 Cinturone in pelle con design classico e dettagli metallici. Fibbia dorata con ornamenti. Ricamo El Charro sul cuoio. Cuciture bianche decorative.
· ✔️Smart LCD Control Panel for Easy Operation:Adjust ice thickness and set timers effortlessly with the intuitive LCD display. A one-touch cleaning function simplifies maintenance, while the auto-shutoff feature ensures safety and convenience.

..............................

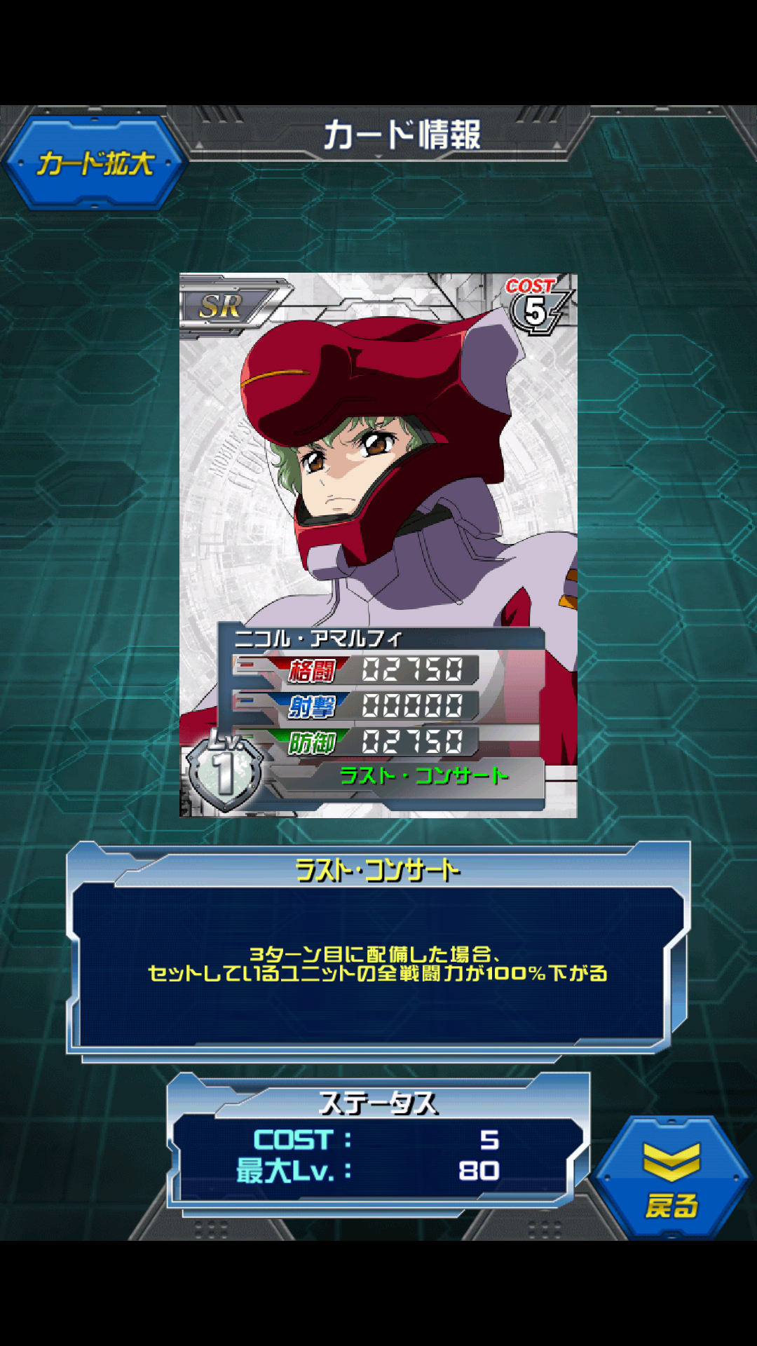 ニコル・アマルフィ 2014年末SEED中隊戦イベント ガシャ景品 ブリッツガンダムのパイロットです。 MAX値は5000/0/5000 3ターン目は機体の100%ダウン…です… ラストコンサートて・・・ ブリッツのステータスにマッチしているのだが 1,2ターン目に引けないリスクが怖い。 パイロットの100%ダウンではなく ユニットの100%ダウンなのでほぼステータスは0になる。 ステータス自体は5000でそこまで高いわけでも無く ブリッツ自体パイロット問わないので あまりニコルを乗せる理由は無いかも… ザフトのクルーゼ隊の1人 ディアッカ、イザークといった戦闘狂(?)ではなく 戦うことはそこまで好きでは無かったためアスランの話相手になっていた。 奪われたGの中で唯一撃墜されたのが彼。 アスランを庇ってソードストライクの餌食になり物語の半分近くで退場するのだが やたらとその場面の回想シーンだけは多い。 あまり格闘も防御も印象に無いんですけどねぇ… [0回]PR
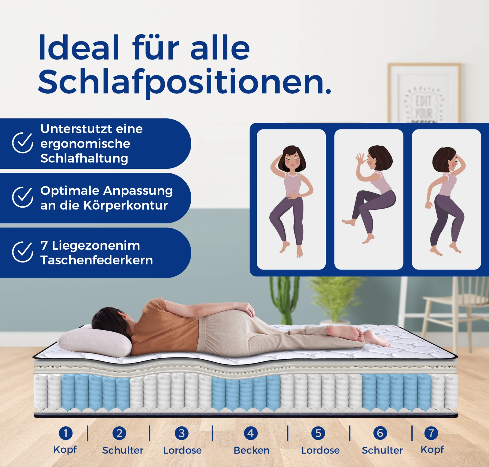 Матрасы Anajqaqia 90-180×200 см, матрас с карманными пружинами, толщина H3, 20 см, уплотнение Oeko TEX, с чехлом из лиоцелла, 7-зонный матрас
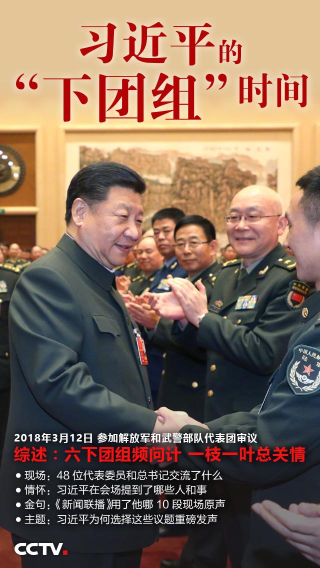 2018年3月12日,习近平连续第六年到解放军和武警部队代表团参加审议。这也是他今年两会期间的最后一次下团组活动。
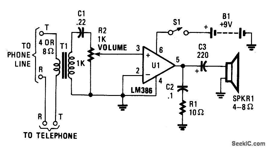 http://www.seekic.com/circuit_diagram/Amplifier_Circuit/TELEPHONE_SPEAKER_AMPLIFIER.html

..............................

• **Task goal**
What are the lines, exactly as written above, from the line with "Cinturone in pelle" to the line with "safety and convenience.", both included? Output only those.

• **Reply**
 Cinturone in pelle con design classico e dettagli metallici. Fibbia dorata con ornamenti. Ricamo El Charro sul cuoio. Cuciture bianche decorative.
· ✔️Smart LCD Control Panel for Easy Operation:Adjust ice thickness and set timers effortlessly with the intuitive LCD display. A one-touch cleaning function simplifies maintenance, while the auto-shutoff feature ensures safety and convenience.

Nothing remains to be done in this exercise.